18.7.19

Os detetives



Como um labirinto, eu poderia começar a contar o enredo de Os Detetives Selvagens de vários pontos e o mais importante a dizer: um livro não é seu enredo. Mas claro que a estrutura de Os Detetives importa e chama atenção, no entanto há muito mais.
Vamos lá (voz monótona de callcenter repetindo a mesma frase pela trigésima vez ao dia): o livro é divido em 3 partes. A primeira escrita em forma de diário se inicia em 1975, narrada pelo personagem Garcia Madero, um jovem universitário de 17 anos aspirante a poeta que se torna amigo (meio obcecado) de um grupo de poetas que (re)criaram o movimento chamado "realismo visceral", inspirado em outro grupo de poetas dos anos 20 com o mesmo nome. Os novos reais visceralistas (da história atual) inicialmente parecem ter como "cabeças" dois rapazes: Arturo Belano e Ulisses Lima. Nos dias que passam contados pelo ponto de vista de García Madero, conhecemos outros jovens poetas de uma geração cheia de poesia, psicodelia e intensidade. 

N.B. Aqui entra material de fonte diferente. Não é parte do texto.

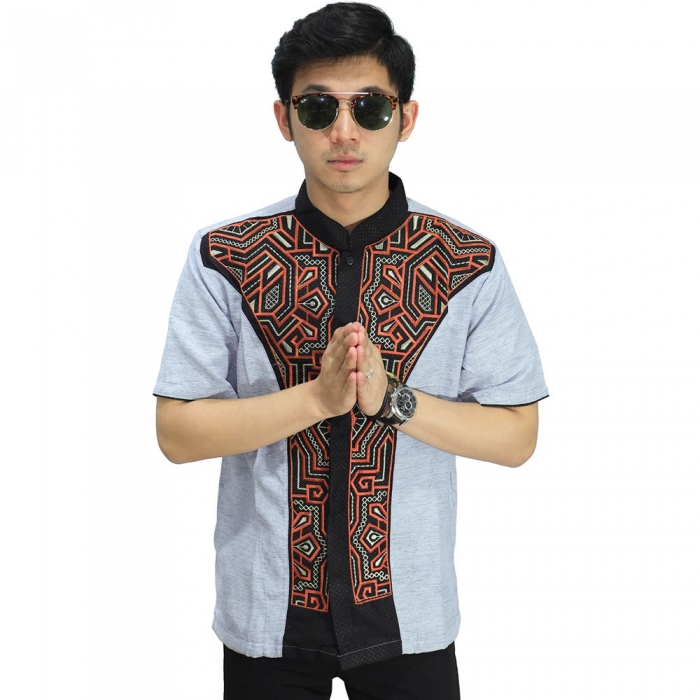 Baju Koko Pendek Bordir Jasko Modern Silver

Essa parte, porém, me incomodou bastante, pois Madero tem um olhar muito machista com as mulheres que conhece e como só vemos as situações a partir dele, perdemos a visão de como as mulheres pensavam na mesma situação. As mulheres são muito objetificadas sexualmente, poderia dizer que é a puberdade, um jovem de 17 anos completamente no cio, mas acho que é coisa de homem mesmo.

Algo que muda na segunda parte quando a história é narrada por 50 personagens diferentes e foi quando me encantei com o livro. A primeira parte pode chegar a ser um pouco cansativa, mas não desista, o melhor está por vir. Eu nem sei se Os Detetives Selvagens é um romance, pra mim ele é um longo poema de amor a poesia.


A segunda parte do livro começa em 1976, é narrada como fragmentos de depoimentos dados por cerca de 50 personagens que encontram Ulisses Lima e Arturo Belano pelo mundo, nessa parte eu acabei mordendo minha língua, fiquei totalmente presa nas historias contadas e nesse momento pude dizer: que livro! Muita gente reclama da falta de continuidade das histórias, do formato e alguns chegaram a dizer que eram desnecessárias. O que eu achei mais incrível foi Bolaño provocar todo esse questionamento mesmo, chutar o balde para a forma de romance convencional, eu adoro experimentalismo em narrativas, amo quando o autor me deixa mesmo no vácuo, sem explicação nenhuma, porque assim é a vida, minha gente! Não conseguimos explicar tudo que acontece, as pessoas chegam do nada e somem do nada das nossas vidas. 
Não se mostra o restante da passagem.